*Exercise goal*
Nothing but the lines below, from the first through the line containing "中国台湾网7月5日消息 据台", should be set down, each one exactly and without pictures.

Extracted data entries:
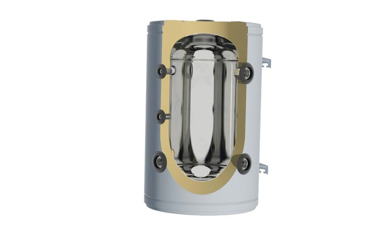 Puffer per pompe di calore per impianti caldo/freddo. Accumulo inerziale e separatore idraulico.
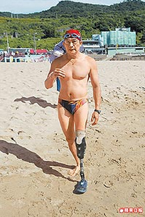 中国台湾网7月5日消息 据台湾《苹果日报》报道,台湾基隆市第七届外木山长泳活动昨逾三千人共襄盛举,参加者年纪从10岁到83岁的老翁,要泳渡4000米的大海,而其中有“肢障铁人”、“独脚铁人”之称的阮锦源,虽然少了一只腿,但他却以58分钟的时间率先抵达终点大武仑沙滩,残而不废、展现惊人生命力的他说:“海浪一直将人往外推,要克服的,除了逆流外,就是自己的意志力。”
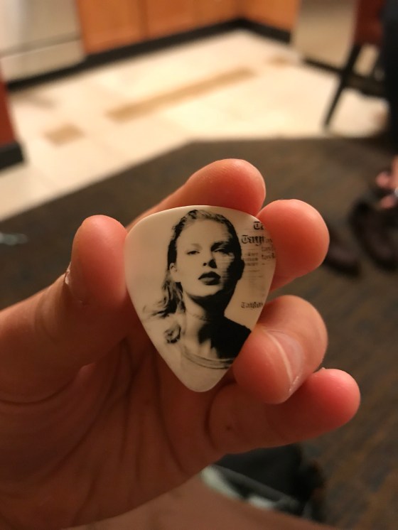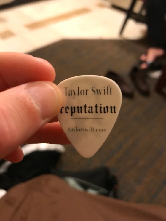 During a random song, I think was during Gorgeous or Love Story or something, a person walked past my cousin and I and we were both dancing and going so hard. A person walked past us and held his hand out and all the sudden, I notice that it was PAPA SWIFT. IT WAS HIM AND I WAS FREAKING OUT. He handed my cousin and I guitar picks and I was like “This tour, I’m meeting Papa Swift and getting picks from him this tour.” AND IT ACTUALLY HAPPENED. I literally shoved the pick into my bag before I lost it and was freaking out the whole time. He wore a cute little yellow rain coat as he was walking down the isle where a bunch of other people were walking and other people barely noticed him. My cousin was confused but I was like “THATS PAPA SWIFT. HE JUST GAVE US PICKS. OH MY GOD!”
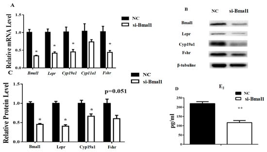 Cellular proteins were extracted from ovaries and cultured granulosa cells with RIPA (Applygen Technologies Inc., Beijing, China) supplemented with 1 mM PMSF serine protease inhibitor. The protein content was measured using a BCA Protein Assay Kit according to the manufacturer’s guidelines (CWBIO, Beijing, China). Western blotting was conducted as described in a previous report []. A total of 20 micrograms of protein was electrophoresed on a 12% SDS-polyacrylamide gel and transferred to PVDF membranes. The levels of the Bmal1 and other proteins involved in Lepr function and E2 synthesis were measured using specific antibodies. Antibodies against Bmal1 (1/500; sc-365645, Santa Cruz Biotechnology, Inc., Santa Cruz, CA, USA), Lepr (1/500; ab5593, Abcam, Inc., Cambridge, MA, USA), Fshr (1/1000; ab75200, Abcam, Inc.), Cyp19a1 (1/1000; ab124776, Abcam, Inc.), and Cyp11a1 (1/500; #14217, CST, Inc., Danvers, MA, USA) were used to detect the levels of these proteins in granulosa cells.
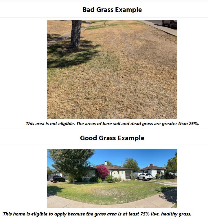 C) Two photos from different angles of the area of grass removal showing existing grass condition. Grass removal area must be at least 75% density of live, healthy grass. Before and after photos of previously removed grass does not count towards the minimum and is not eligible for the incentive. (See photo examples below).
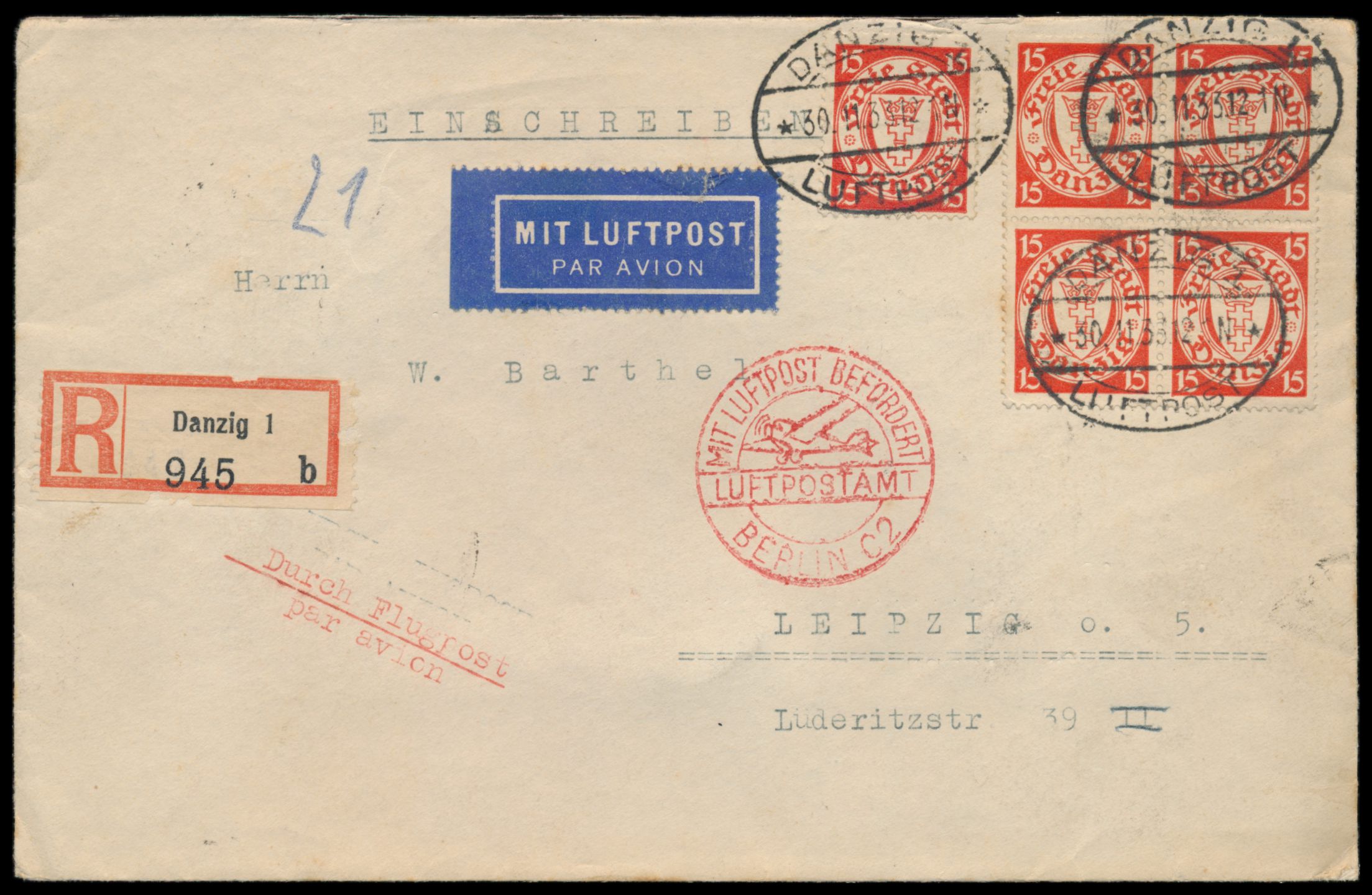 Viererblock und Einzelmarke 15 Pf. Staatswappen auf Luftpost-R-Brief mit Ovalstempel Danzig 1 Luftpost 30.11.33 nach Leipzig, Durchgangstempel Berlin C 2 30.11.33 und roter Stempel Mit Luftpost befördert Luftpostamt Berlin C 2, Ankunftstempel Leipzig 30.11. und 1.12.33
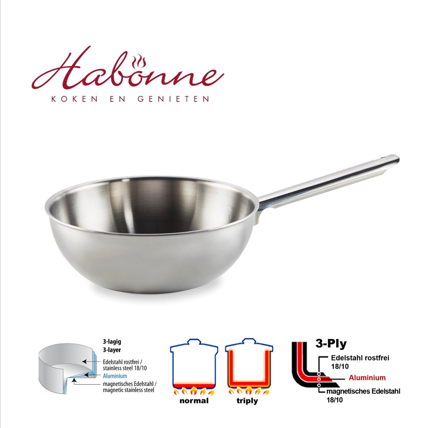 Deze prachtige roestvrijstalen steelwok is vervaardigd van het zeer duurzame meerlagenmateriaal 'Triply'. Binnen en buitenzijde zijn gemaakt van 18/10 roestvrijstaal met daartussen (de kern) een laag van aluminium. Eén van deze roestvrijstaal is magnetisch gemaakt, hierdoor is deze Habonne wokpan zeer geschikt voor inductie kookplaten. Door de mooie ronde vorm met doorlopende bodem en de samenstelling van het materiaal ontstaat een perfecte warmteverdeling, met een snellere opwarming tot aan de bovenste rand van de wok. Ook blijven uw gerechten langer warm in deze wok. Bovendien heeft dit materiaal een energiebesparend effect. De wok is geschikt voor alle warmtebronnen inclusief inductie, vaatwasmachinebestendig en ovenvast.
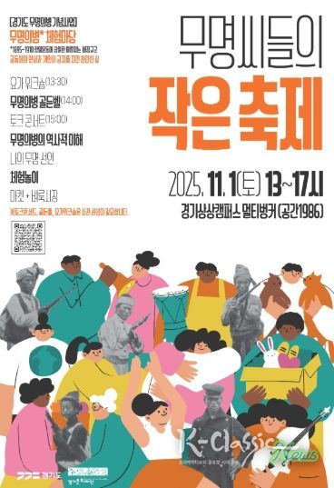K-Classic News 기자 | 경기문화재단은 경기도 무명의병 기념사업의 일환으로, 오는 11월 1일 무명씨들의 작은 축제 ‘무명의병 체험마당’을 개최한다. 이번 행사는 일제에 항거했던 수많은 무명의병들의 서사를 민족적 저항과 함께 보편적 가치의 새로운 위상을 알리기 위해 기획됐다.
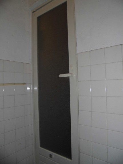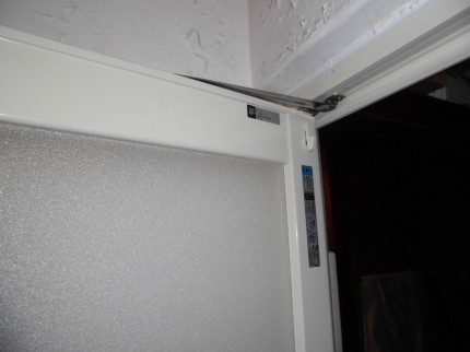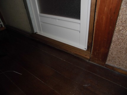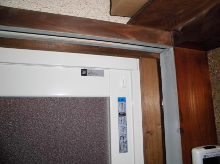 脱衣場からの写真です、引き戸のレール、戸先の部分に、木材をいれて、取り付けていきます。
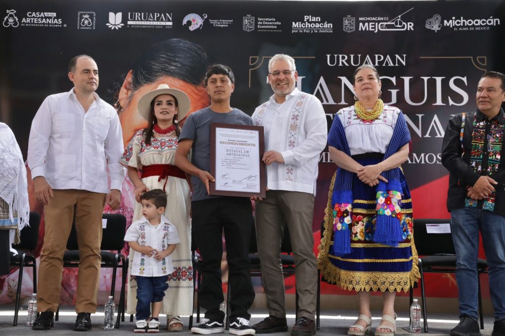 El mandatario entregó el primer lugar a la artesana de la comunidad de Cocucho, Ceferina Ascencio Molina; el galardón especial a Ester Paredes Punzo, de Santa Clara del Cobre; el premio “Antonio Hernández González”, al artesano de Capula, Miguel de la Cruz Hernández; y el galardón “Victoriano Salgado Morales”, a Adán Rebollar Avilés; y el premio “Arturo Olivares Gallardo” al artesana uruapense, Juan Valencia Villalobos.
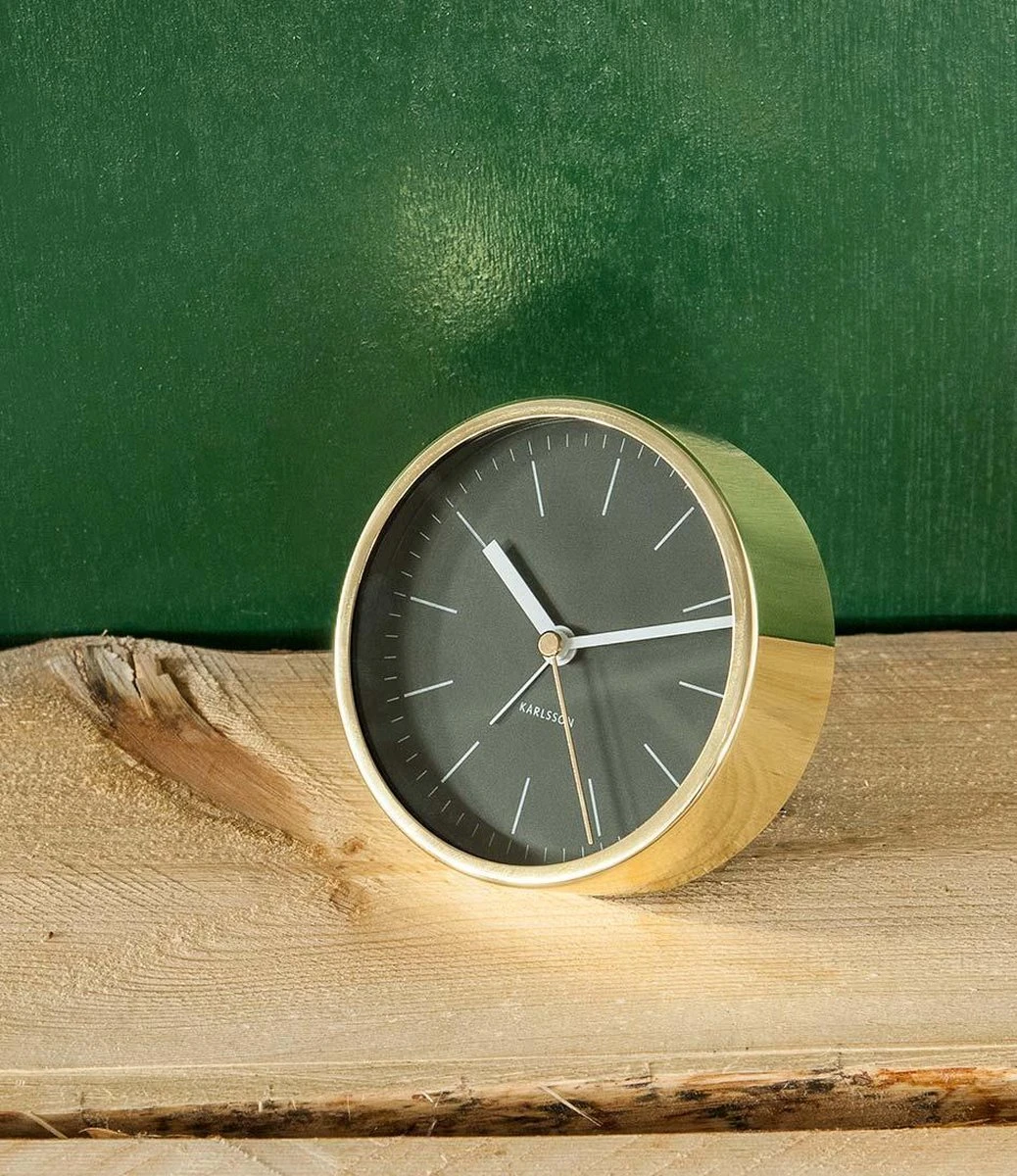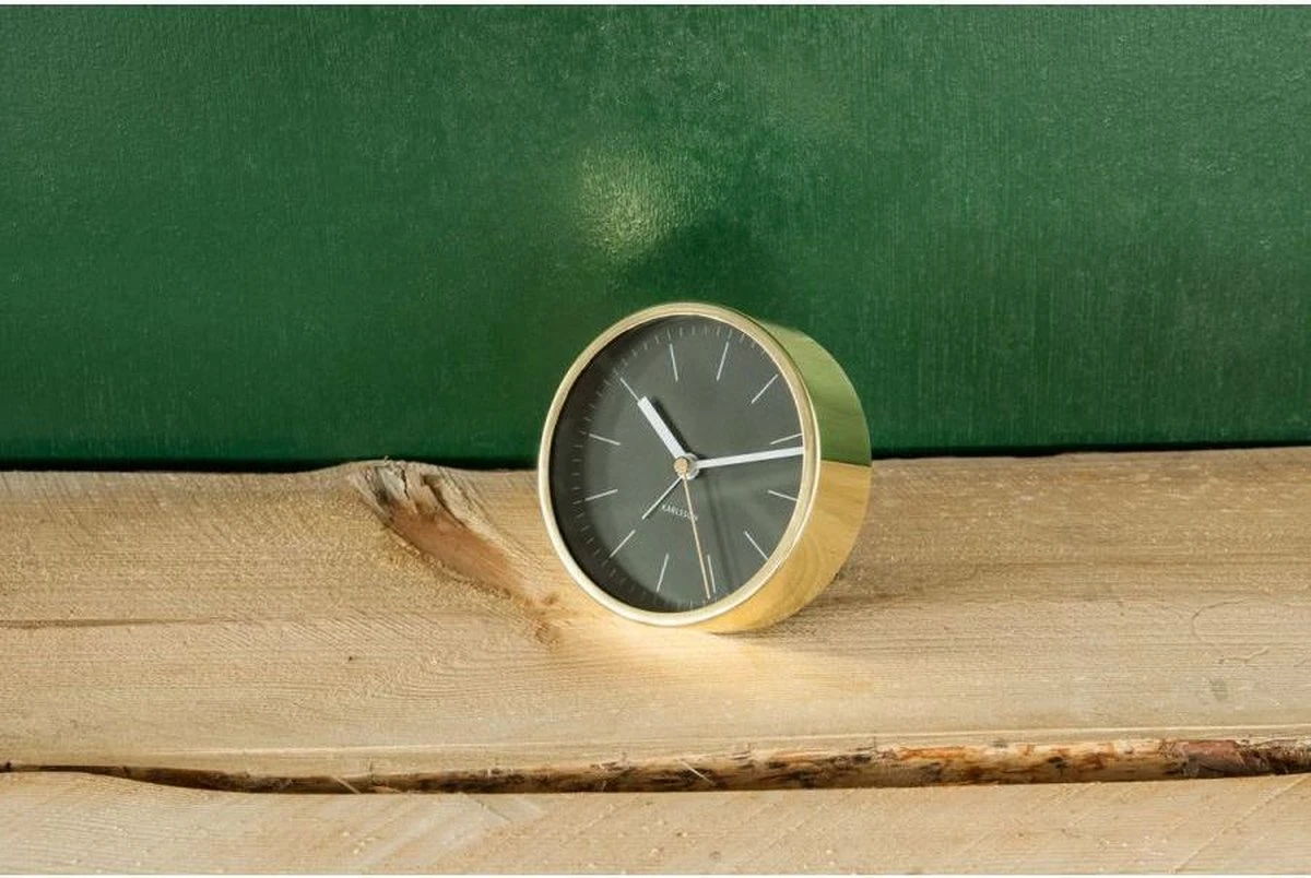 Deze Minimal wekker van Karlsson heeft een goudkleurige metalen rand en een zwarte wijzerplaat. De wekker is voorzien van een wijzerplaat met streepjes welke de uren en de minuten weergeven. Je kunt het klokje neerzetten met het meegeleverde pootje. Aan de achterzijde van het klokje bevinden zich drie knoppen. Één schuifknopje voor het aan en uit zetten van de wekker, één draaiknopje voor het instellen van de wijzers en één voor het in stellen van de alarmtijd. Lekker makkelijk in gebruik.

*Task result*
 Puffer per pompe di calore per impianti caldo/freddo. Accumulo inerziale e separatore idraulico.
 中国台湾网7月5日消息 据台湾《苹果日报》报道,台湾基隆市第七届外木山长泳活动昨逾三千人共襄盛举,参加者年纪从10岁到83岁的老翁,要泳渡4000米的大海,而其中有“肢障铁人”、“独脚铁人”之称的阮锦源,虽然少了一只腿,但他却以58分钟的时间率先抵达终点大武仑沙滩,残而不废、展现惊人生命力的他说:“海浪一直将人往外推,要克服的,除了逆流外,就是自己的意志力。”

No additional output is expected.